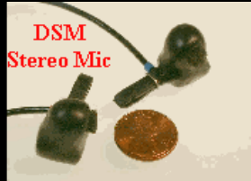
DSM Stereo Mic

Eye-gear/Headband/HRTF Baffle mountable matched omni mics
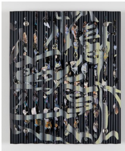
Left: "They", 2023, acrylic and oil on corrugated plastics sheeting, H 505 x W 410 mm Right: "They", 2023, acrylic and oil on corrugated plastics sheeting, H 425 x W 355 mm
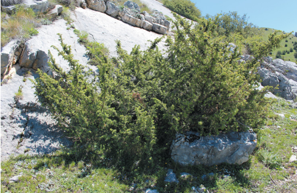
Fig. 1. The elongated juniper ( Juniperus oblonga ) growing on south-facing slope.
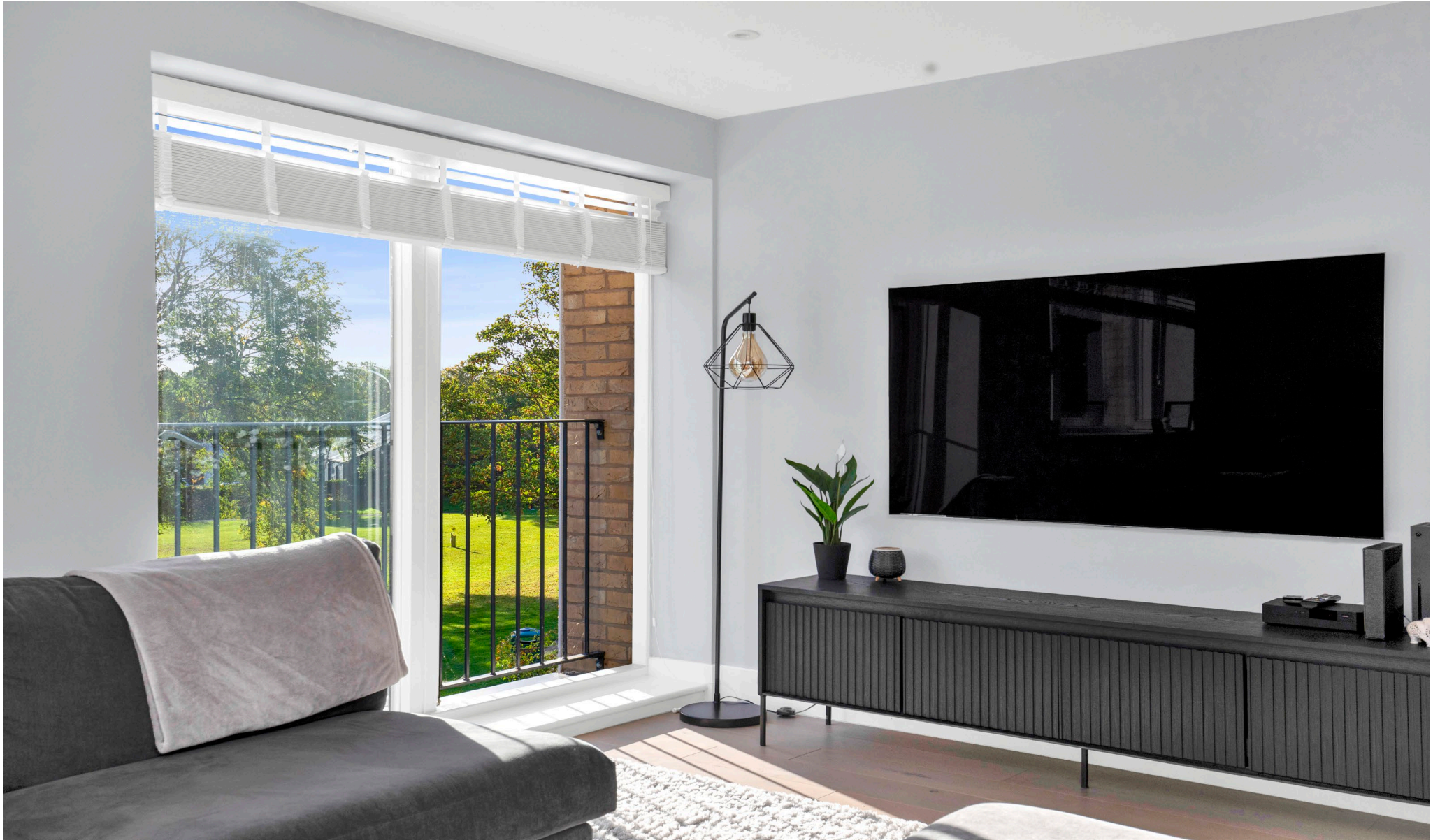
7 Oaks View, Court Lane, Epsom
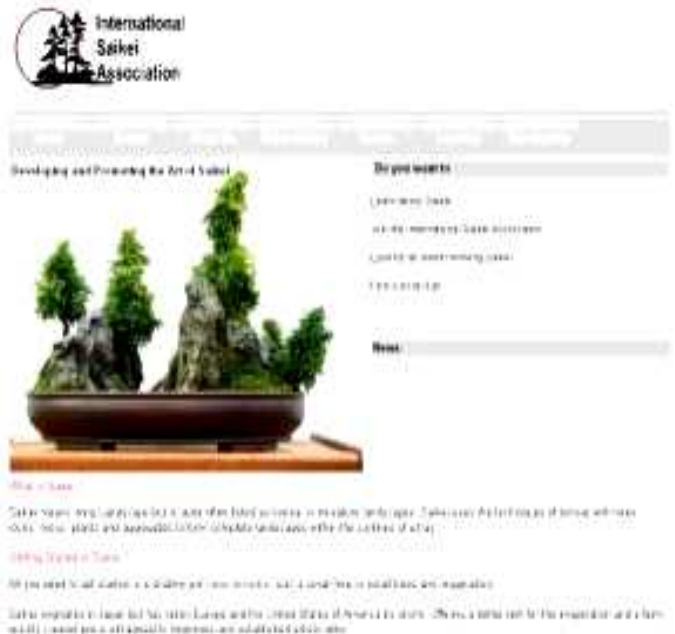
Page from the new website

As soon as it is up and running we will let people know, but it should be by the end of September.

▶ **WORK TO COMPLETE**:
Starting at the line with "Page from the new website", copy every line up to and including the last one in the entries above.

▶ **YOUR SOLUTION**:
Page from the new website

As soon as it is up and running we will let people know, but it should be by the end of September.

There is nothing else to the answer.